Another symbol with a special meaning is <quote>%</quote>, which cannot only be used within a composed rule element (parentheses).
This symbol can be interpreted as a global <quote>and</quote>: It links several rules, which only fire, if all rules have successfully matched.
In the following example, an annotation of the type <quote>FoundIt</quote> is created, if the document contains two periods in a row and two commas in a row:
</para>
<programlisting><![CDATA[PERIOD PERIOD % COMMA COMMA{-> FoundIt};]]></programlisting>
<para>
There is a <quote>wild card</quote> (<quote>#</quote>) rule element, which can be used to skip some text or annotations until the next rule element is able to match.
</para>
<programlisting><![CDATA[DECLARE Sentence;
PERIOD #{-> MARK(Sentence)} PERIOD;]]></programlisting>
<para>
This rule annotates everything between two <quote>PERIOD</quote> annotations with the type <quote>Sentence</quote>. Please note that the resulting
annotations is automatically trimmed using the current filtering settings. Conditions at wild card rule elements should by avoided and only be used
by advanced users.
</para>
<para>
Another special rule element is called <quote>optional</quote> (<quote>_</quote>). Sometimes, an annotation should be created on a
text position if it is not followed by an annotation of a specific property. In contrast to normal rule elements with optional quantifier,
the optional rule element does not need to match at all.
</para>
<programlisting><![CDATA[W ANY{-PARTOF(NUM)};
W _{-PARTOF(NUM)};]]></programlisting>
<para>
The two rules in this example specify the same pattern: A word that is not followed by a number. The difference between the rules
shows itself at the border of the matching window, e.g., at the end of the document. If the document contains only a single word,
the first rule will not match successfully because the second rule element already fails at its matching condition. The second rule, however,
will successfully match due to the optional rule element.
</para>
<para>
Rule elements can contain more then one condition. The rule in the next example tries to identify headlines, which are bold,
underlined and end with a colon.
</para>
<programlisting><![CDATA[DECLARE Headline;
Paragraph{CONTAINS(Bold, 90, 100, true),
CONTAINS(Underlined, 90, 100, true), ENDSWITH(COLON)
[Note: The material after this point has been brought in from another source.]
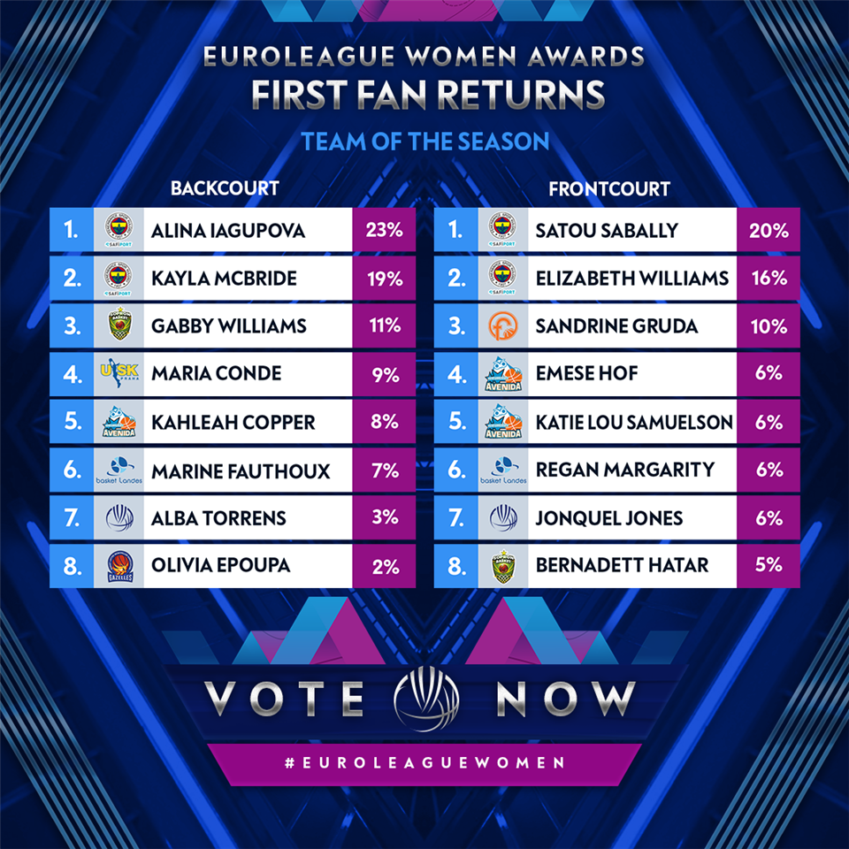Le vote des fans se poursuivra jusqu’au dimanche 27 mars. Les gagnantes des trophées seront déterminées après avoir combiné les votes des entraîneurs de l’Euroleague, des médias sélectionnés, des fans et, pour la première fois, des capitaines d’équipe de chaque club.

-> MARK(Headline)};]]></programlisting>
<para>
The matching condition of this rule element is given with the type <quote>Paragraph</quote>, thus the rule takes a look at all Paragraph annotations.
The rule matches only if the three conditions, separated by commas, are fulfilled. The first condition <quote>CONTAINS(Bold, 90, 100, true)</quote> states that
90%-100% of the matched paragraph annotation should also be annotated with annotations of the type <quote>Bold</quote>. The boolean parameter <quote>true</quote>
indicates that amount of Bold annotations should be calculated relatively to the matched annotation. The two numbers <quote>90,100</quote> are, therefore, interpreted as
percent amounts. The exact calculation of the coverage is dependent on the tokenization of the document and is neglected for now. The second condition
<quote>CONTAINS(Underlined, 90, 100, true)</quote> consequently states that the paragraph should also contain at least 90% of annotations of the type <quote>underlined</quote>.
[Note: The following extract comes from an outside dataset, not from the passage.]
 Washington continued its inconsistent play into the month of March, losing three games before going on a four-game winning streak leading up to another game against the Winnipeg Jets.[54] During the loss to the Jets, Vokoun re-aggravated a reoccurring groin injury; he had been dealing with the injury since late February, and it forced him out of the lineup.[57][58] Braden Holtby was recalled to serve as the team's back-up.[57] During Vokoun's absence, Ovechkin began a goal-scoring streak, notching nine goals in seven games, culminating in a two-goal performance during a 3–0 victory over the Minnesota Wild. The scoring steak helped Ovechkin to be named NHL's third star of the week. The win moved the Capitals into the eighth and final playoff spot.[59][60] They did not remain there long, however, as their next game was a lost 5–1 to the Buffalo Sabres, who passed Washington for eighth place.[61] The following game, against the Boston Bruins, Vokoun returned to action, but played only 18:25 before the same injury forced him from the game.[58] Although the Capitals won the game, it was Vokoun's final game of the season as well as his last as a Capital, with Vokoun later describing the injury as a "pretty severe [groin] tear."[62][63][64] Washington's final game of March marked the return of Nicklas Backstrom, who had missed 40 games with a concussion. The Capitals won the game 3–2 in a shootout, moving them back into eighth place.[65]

The third condition <quote>ENDSWITH(COLON)</quote> finally forces the Paragraph annotation to end with a colon. It is only fulfilled, if there is an annotation of the type
<quote>COLON</quote>, which has an end offset equal to the end offset of the matched Paragraph annotation.
</para>
<para>
The readability and maintenance of rules does not increase, if more conditions are added.
One of the strengths of the UIMA Ruta language is that it provides different approaches to solve an annotation task. The next two examples
introduce actions for transformation-based rules.
</para>
<programlisting><![CDATA[Headline{-CONTAINS(W) -> UNMARK(Headline)};]]></programlisting>
<para>
This rule consists of one condition and one action. The condition <quote>-CONTAINS(W)</quote> is negated (indicated by the character <quote>-</quote>),
and is therefore only fulfilled, if there are no annotations of the type <quote>W</quote> within the bound of the matched Headline annotation.
The action <quote>UNMARK(Headline)</quote> removes the matched Headline annotation. Put into simple words, headlines that contain no words at all are not headlines.
</para>
<para>
The next rule does not remove an annotation, but changes its offsets dependent on the context.
</para>
<programlisting><![CDATA[]]>Headline{-> SHIFT(Headline, 1, 2)} COLON;</programlisting>
<para>
Here, the action <quote>SHIFT(Headline, 1, 2)</quote> expands the matched Headline annotation to the next colon, if that Headline annotation
is followed by a COLON annotation.
</para>
<para>
UIMA Ruta rules can contain arbitrary conditions and actions, which is illustrated by the next example.
</para>
<programlisting><![CDATA[DECLARE Month, Year, Date;
ANY{INLIST(MonthsList) -> MARK(Month), MARK(Date,1,3)}
PERIOD? NUM{REGEXP(".{2,4}") -> MARK(Year)};]]></programlisting>
<para>
This rule consists of three rule elements. The first one matches on every token, which has a covered text that occurs in a word lists named <quote>MonthsList</quote>.
The second rule element is optional and does not need to be fulfilled, which is indicated by the quantifier <quote>?</quote>. The last rule element matches
on numbers that fulfill the regular expression <quote>REGEXP(".{2,4}"</quote> and are therefore at least two characters to a maximum of four characters long.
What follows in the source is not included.